Show Emoji and symbols

  1. Here I can search for the character and under "Font Variation" I can click on each rendering and see the corresponding font:

Font variation

This is usable when there are few enough fonts that contain the character, but is unwieldy (requires a lot of clicking and copying) when the list of fonts is large. What I'd like is to get a list of all such fonts in plain-text copyable form.

How can I do that? I'm willing and happy to write code if necessary.

Best Answer

It's still not clear to me how this is done by macOS itself, but in the meantime here's what I ended up doing.

The solutions I found all were of the following form:

  1. Get a list of all fonts available.
  2. Loop over the list to find fonts that contain the selected character.

Listing all fonts

As at this question, there are two approaches (plus a third one I found here):

  1. system_profiler SPFontsDataType to which you can add -xml to get output in XML,

  2. fc-list which can take a pattern (: is the empty pattern that matches all fonts) and a format specifier.

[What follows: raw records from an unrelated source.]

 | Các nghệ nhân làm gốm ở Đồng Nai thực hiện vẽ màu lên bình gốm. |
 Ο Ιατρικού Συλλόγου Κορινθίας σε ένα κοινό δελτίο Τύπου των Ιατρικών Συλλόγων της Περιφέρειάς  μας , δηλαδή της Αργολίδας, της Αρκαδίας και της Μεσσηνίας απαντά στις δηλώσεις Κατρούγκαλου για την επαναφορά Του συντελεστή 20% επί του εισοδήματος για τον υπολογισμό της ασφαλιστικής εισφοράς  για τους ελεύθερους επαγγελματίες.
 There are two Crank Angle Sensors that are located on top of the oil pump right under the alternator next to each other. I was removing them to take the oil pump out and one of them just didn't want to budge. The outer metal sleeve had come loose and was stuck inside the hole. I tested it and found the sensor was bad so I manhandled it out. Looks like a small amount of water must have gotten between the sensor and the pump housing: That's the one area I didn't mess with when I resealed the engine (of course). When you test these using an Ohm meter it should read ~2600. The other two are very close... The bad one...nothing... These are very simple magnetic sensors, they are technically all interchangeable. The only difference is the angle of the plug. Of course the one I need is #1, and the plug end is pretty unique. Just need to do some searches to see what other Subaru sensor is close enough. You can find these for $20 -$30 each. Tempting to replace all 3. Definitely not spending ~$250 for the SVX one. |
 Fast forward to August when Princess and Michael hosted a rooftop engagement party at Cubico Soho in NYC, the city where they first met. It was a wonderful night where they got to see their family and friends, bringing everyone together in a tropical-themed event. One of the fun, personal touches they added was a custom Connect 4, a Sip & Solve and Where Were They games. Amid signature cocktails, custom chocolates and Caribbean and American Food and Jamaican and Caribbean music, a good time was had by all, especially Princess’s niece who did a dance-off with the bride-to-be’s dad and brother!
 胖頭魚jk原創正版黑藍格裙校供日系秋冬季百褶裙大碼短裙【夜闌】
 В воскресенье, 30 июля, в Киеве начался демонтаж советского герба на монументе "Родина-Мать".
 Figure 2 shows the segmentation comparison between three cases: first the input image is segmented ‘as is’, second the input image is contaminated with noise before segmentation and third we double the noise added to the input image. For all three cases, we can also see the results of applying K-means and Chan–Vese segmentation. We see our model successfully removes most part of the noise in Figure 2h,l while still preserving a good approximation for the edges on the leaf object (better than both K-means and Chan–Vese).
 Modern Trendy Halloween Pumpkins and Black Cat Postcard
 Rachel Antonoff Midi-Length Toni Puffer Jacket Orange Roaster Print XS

  3. Instally python-fontconfig, then run import fontconfig; fontconfig.query() to get a list of font paths.

Comparing the two approaches (I wrote this before I had noticed the third one) is interesting:

  • Speed: On my computer and for my set of fonts, fc-list takes about 24 seconds the first time and 0.04 seconds each time after that, while system_profiler consistently takes about 3 seconds each time.

  • Comprehensiveness: On my current system, system_profiler lists 702 fonts while fc-list lists 770: all those 702 plus 68 more. On the one hand, system_profiler seems to be the "official" way, and matches the fonts visible in Font Book, the ones that show up in "Font Variation" in the character/symbol viewer (as in the question), the menu in TextEdit etc. On the other hand, at least some of the fonts that it misses are genuinely usable fonts. This includes not just the 5 fonts /Library/Fonts/{Athelas.ttc,Charter.ttc,Marion.ttc,Seravek.ttc,SuperClarendon.ttc} about which you can find some confusing pages online (e.g. this and this), but also /Library/Fonts/{DIN Alternate Bold.ttf,DIN Condensed Bold.ttf,Iowan Old Style.ttc} and 57 of the 177 Noto Sans fonts I have installed on my system. For example, I have Noto Sans Brahmi installed but this font doesn't show up in Font Book or in "Font Variation" when I search for a Brahmi letter (say ?), but it does get used in TextEdit (and displayed in my browser). Whatever the reason for this weirdness, I'm happy that I can get the full list with fc-list.

  • Ease of use: with either method a little bit of parsing the output is required. With fc-list I can specify the format (e.g. fc-list --format="%{family}\n%{file}\n%{lang}\n\n" but I couldn't find a reference for the names of the fields!); with system_profiler I can either just grep for Location: or output to XML and parse the XML (examples with xml.etree.ElementTree, with plistlib).

Does this font cover this character?

However we get the list of fonts, next we have to check whether a character is covered in a specific font (given by name or path). Again, the ways I found:

  • Use one of the FreeType bindings. For Python, there is freetype-py but I couldn't figure out in a few minutes how to use it.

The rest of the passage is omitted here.